Из ванной комнаты вышел Герман, вытирая руки, и весело удивился:
– С кем воюешь?
Чуть приоткрыл первую раму, ловко набросил полотенце на гневно стрекочущую тварь и так, с трепещущим комком у груди, распахнул ночное окно и легко взмахнул полотенцем.
…У Германа все и всегда получалось легко. Чем только он не занимался в жизни! Увлекся кино и начал снимать картины. Открыл ресторан – и через неделю там яблоку негде было упасть. Ничего не смысля в деревенском хозяйстве, за год превратил отцовский хутор в образцовый. Даже в ссылке он не только выжил, но и самозабвенно играл на скрипке, словно за окном видел милый сердцу вереск вместо багульника… В молодости пылко влюблялся и умел влюбить в себя. Очертя голову бросился в политику и состоял в каком-то подпольном кружке, но об этом Лариса знала только с его слов. Она не принадлежала к тем женам, которым нужно во что бы то ни стало разузнать все, что касается прошлой жизни мужа, а что не удается разузнать, то домыслить, чтобы потом себя же изводить. Какое имеет значение, с кем Герман спешил на свидание, кому дарил цветы, если это было так давно, что они не знали друг друга?

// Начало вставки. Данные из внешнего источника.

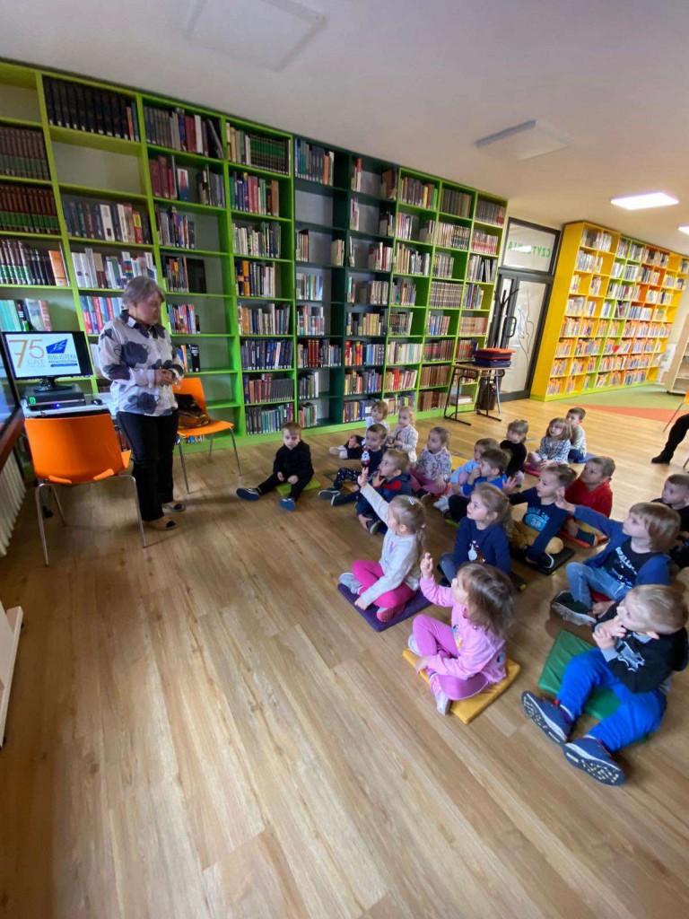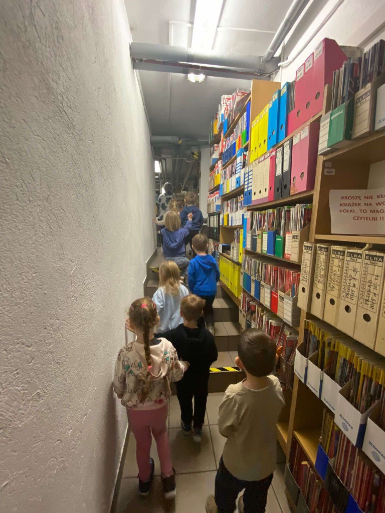 W dniu 29 października wybraliśmy się po raz pierwszy do Biblioteki Pedagogicznej. Tematem naszych pierwszych zajęć była bardzo ważna wartość- uczciwość. Pani prowadząca zajęcia najpierw rozmawiała z nami o uczciwych zachowaniach, a także o zawodach, w których ta wartość jest niezbędna. Następnie nawiązała do bohaterów literatury dziecięcej, którym nieuczciwe zachowania nie wyszły na dobre. Dużą atrakcją dla nas było zwiedzanie biblioteki, a w szczególności archiwum, do którego prowadziły bardzo kręte schody. Daliśmy radę, a zajęcia bardzo nam się podobały.
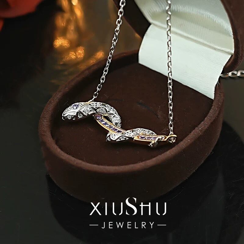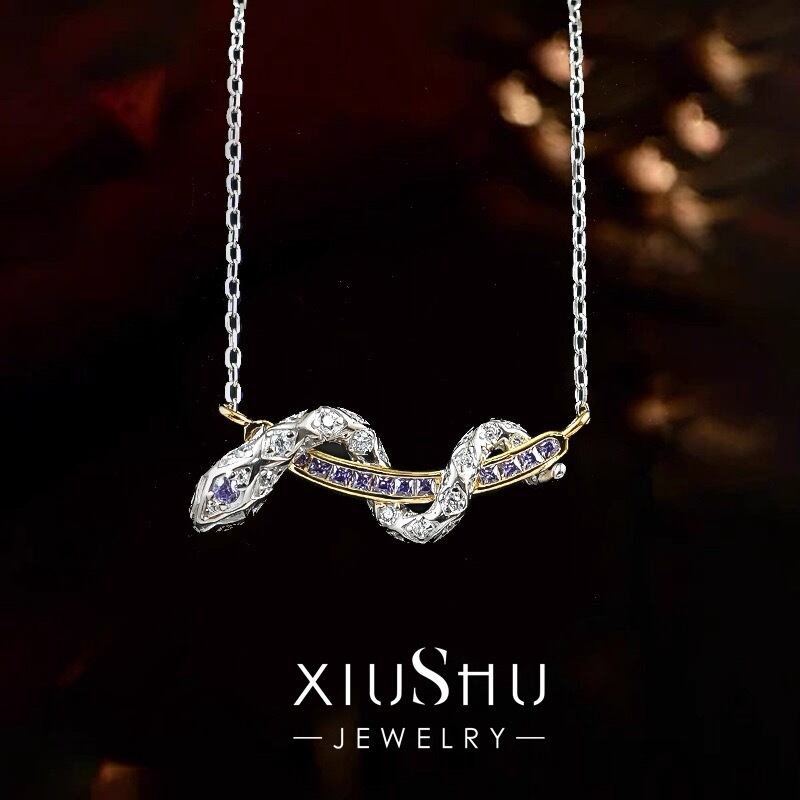 スネーク パープル 高炭素ダイヤモンド ホワイト キラキラ ゴージャス ネックレス ハイカーボンダイヤモンド シルバー925 クール かっこいい レトロ 蛇 へび ヘビ 紫 イエローゴールド メンズ レディース | キラキラゴージャスジュエリーのXIUSHU(シュシュ)

Какие только кульбиты не проделывала с ним судьба! Еще год назад они жили втроем в коммунальной квартире, в тесной комнатушке, единственным достоинством которой был высокий потолок. Все стремительно переменилось в несколько дней, и скромный работник переплетной мастерской № 4 превратился в первого кинематографиста республики. На свет вытащили киноленту двадцатипятилетней давности, некогда увенчавшую Германа славой, а его самого, с женой и сыном, извлекли из коммуналки, предоставив оторопевшим соседям биться за освобожденную комнату, и поселили в тихом трехэтажном доме Старого города.

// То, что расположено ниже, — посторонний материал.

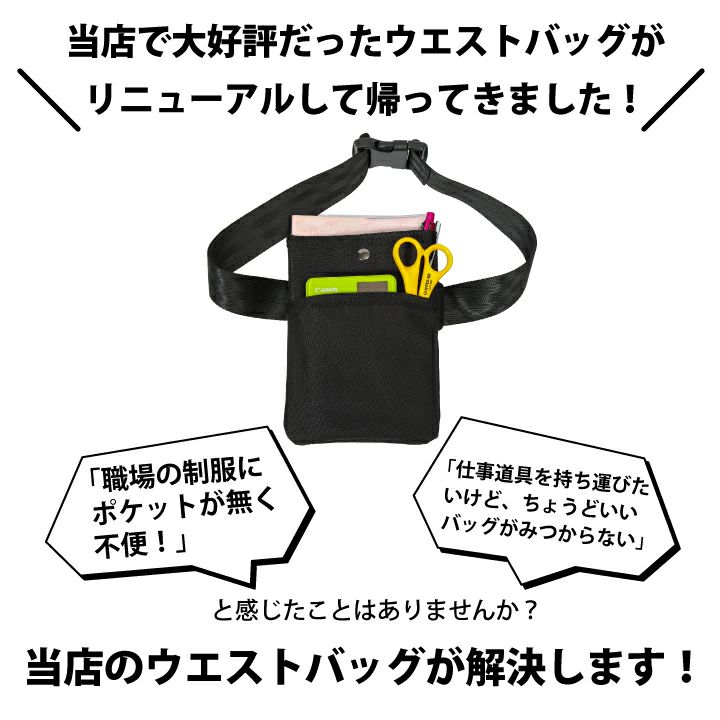 他の画像を見る 当店で好評のウエストバッグがリニューアル! CW-WP1 ウエストバッグ小 仕事用レディース メンズ 軽量 薄い コンパクト 安い ウエストポーチ ベルトバッグ ベルトポーチ ボディバッグ ツールポーチ 黒 接客 品出しサービス業 介護 物流 看護 イベント 本体価格 ¥ 1,980 税込 詳細を見る お気に入りに登録する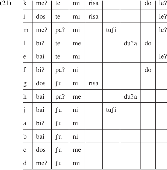 In our present example, we can see that the three tense markers (–ʃu,–paʔ, and–te) form a coherent group, as do the three subject-agreement markers (–ni,–me, and–mi); and there are no words which contain more than one element from either group. So our initial chart might look like (21).

Новое жилье куда как отличалось от прежнего: три комнаты вместо одной, парадное, где всегда горит свет и не пахнет мочой, поскольку посторонние войти не могли, а жильцы были люди деликатные, причастные к искусству, культуре и административным эшелонам власти, ведающим этими тонкими сферами.
…В тысяча девятьсот сороковом году Герман лишился дома, родной земли и спасибо, что не жизни, – спустя двадцать лет он оказался на гребне славы. В газетах мелькали статьи с пышными заголовками; имя Германа Лунканса снова у всех на слуху, как в тридцатые годы, когда на экраны вышел кинофильм «Господа хуторяне», сделавший его знаменитым в первый раз. Он пошел дальше: озвучил фильм – и разорился… Сегодня его называют «отцом нашего звукового кино» и приглашают на открытие новой киностудии. Очередной поворот судьбы вовсе не вскружил Герману голову. Точно так же он уходит по утрам в переплетную мастерскую, и когда ему предложили должность при киностудии, он обещал подумать, а на самом деле просто выбросил соблазнительное предложение из головы так же легко, как летучую мышь в окошко, твердо выучив, что чем ниже сидишь, тем легче падать.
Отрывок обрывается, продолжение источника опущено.